Chai is not just a drink you drink every morning. In Pakistan, chai is an obsession. Second only to Cricket and making sure everyone else’s imaan is in check. This milky brew is worthy of becoming the national drink of Pakistan because of the widespread love for it as well as fierce loyalty to specific preparation methods and brands that every chai enthusiast in the country has.

Despite one-third of overall expenditure for many households being spent on tea consumption, chai for Pakistan is an essential part of everyday life. Pakistanis are addicted to the beverage, and in the absence of legally available alcohol this addiction doesn’t look so bad in comparison.

So where did chai come from in Pakistan?

While green tea has been consumed in north western regions of Pakistan for centuries, black tea, which is used in the preparation of chai, was introduced to the Indian subcontinent by the traders of the British East India Company. Parts of India soon also started cultivating tea varieties the British traders imported from China in 1830’s, along with native tea varieties found in Assam.

However, it wasn’t until the 1920’s that consumption of tea became a widespread activity when the Tea Board launched an advertising campaign in the country’s railway stations to massive success, adapting the beverage to local tastes.

After partition in 1947, because the current Pakistani regions weren’t conducive to large scale tea production, most of the chai consumption was from crops grown in East Pakistan, in what is now Bangladesh. Since 1971, when Bangladesh gained independence from Pakistan, tea has primarily been imported into Pakistan from all over the world.

How coffee tried to derail chai love by establishing itself in a country of tea lovers

When American pop culture began it’s infusion into Pakistani consciousness and well heeled Pakistanis with the luxury to travel started getting acquainted with the world’s cuisine, coffee drinking was introduced to Pakistan as an ‘exotic’ alternative to the traditional chai culture. Soon coffee chains like Gloria Jeans, Second Cup and Costa Coffee along with local ones like Espresso and Mocca began gaining appreciative patrons.

Despite every Pakistani household indulging in it multiples times a day, chai could not counter the increasing love for upscale coffee houses. The “high teas” turned out more as an affair for gastronomic indulgence rather than savoring the shaam ki chai, detaching the concept of chai consumption in public spaces as solely limited to establishments known as truck hotels also proved rather difficult. Indeed there was the historically revered ‘Pak Tea House’ famous for having been a place frequented by some of Pakistan’s literary greats but with the influx of “modern development” the place lay in decay for many years, until very recently.

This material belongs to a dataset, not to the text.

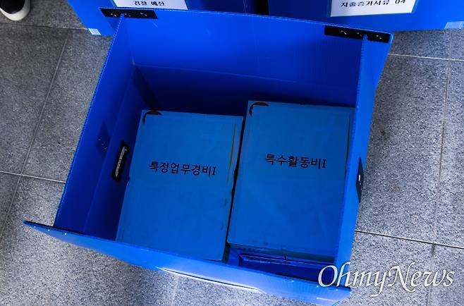 | ▲ 세금도둑잡아라, 함께하는시민행동, 투명사회를위한정보공개센터 등 활동가들이 2023년 6월 23일 오후 서울 서초구 대검찰청에서 검찰특수활동비 등에 대한 정보공개청구 자료를 수령하고 있다. |

The country’s love for chai consumption was being taken as a ‘for granted’ relationship and things needed to change.

Why chai continues to unite Pakistanis

The chai and sutta combination has unified people of all backgrounds in Pakistan. Taking a stroll through any college in Pakistan will reveal how young people forget their differences as they share cups of hot tea and borrow cigarettes from each other. Pavements of big cities are a sight for office goers, laborers and even the odd aunties-in-Mercedes all enjoying a steaming cup of chai from the same ceramic cups of the ordinary roadside tea stall. Chai drinking has attracted Pakistanis of all walks of life because of it’s frill-less universality.

With the local truck hotel style chai shops, like Chai Kaddah in Lahore and the infamous Chai Wala, that was recently hit with a PR disaster of sorts, in Karachi to upscale tea places like the English Tea House, which is rumored to be a frequent haunt of cricketer-turned-politician and tabdeeli pioneer Imran Khan, chai is hitting back at the myriad coffee places by having embraced its own identity as a local beverage and not trying to emulate the international coffee chain model.

With chai dhabas sprouting up more frequently, like Sarrak Pe Karrak and Jug Mug, the tea loving Pakistani society looks set to embrace a cup of chai when out for meetings and hangouts.

The revival of Pak Tea House also fueled a renewed interest among the literati for public spaces where creative individuals can come together and share ideas and have heated debates over equally steaming cups of karak chai. This gave birth to campaigns like “Girls at Dhabas” that calls for women to occupy public spaces, like the chai walay truck hotels, so they can claim their rightful place in public discourse.

What the future holds

Abdul Sattar Edhi once said that Pakistan’s problems can be solved “only if people give up tea and cigarettes” but while his words may have metaphoric significance, Pakistan’s love for tea does not look like it’s going to dim anywhere in the foreseeable future.

Pakistanis tell jokes, laugh, forge relationships, eat, wake up and digest their food all with a swig of chaiBrands fight wars and people on social media are ready to cut each other down in loyalty to their favorite brand of tea. For a country that celebrates every occasion, big or small, with tea as an essential ingredient, the love for chai among the locals is so deeply entrenched in everyday lives that it would be impossible to envision, as Abdul Sattar Edhi wants, a world without chai for Pakistanis.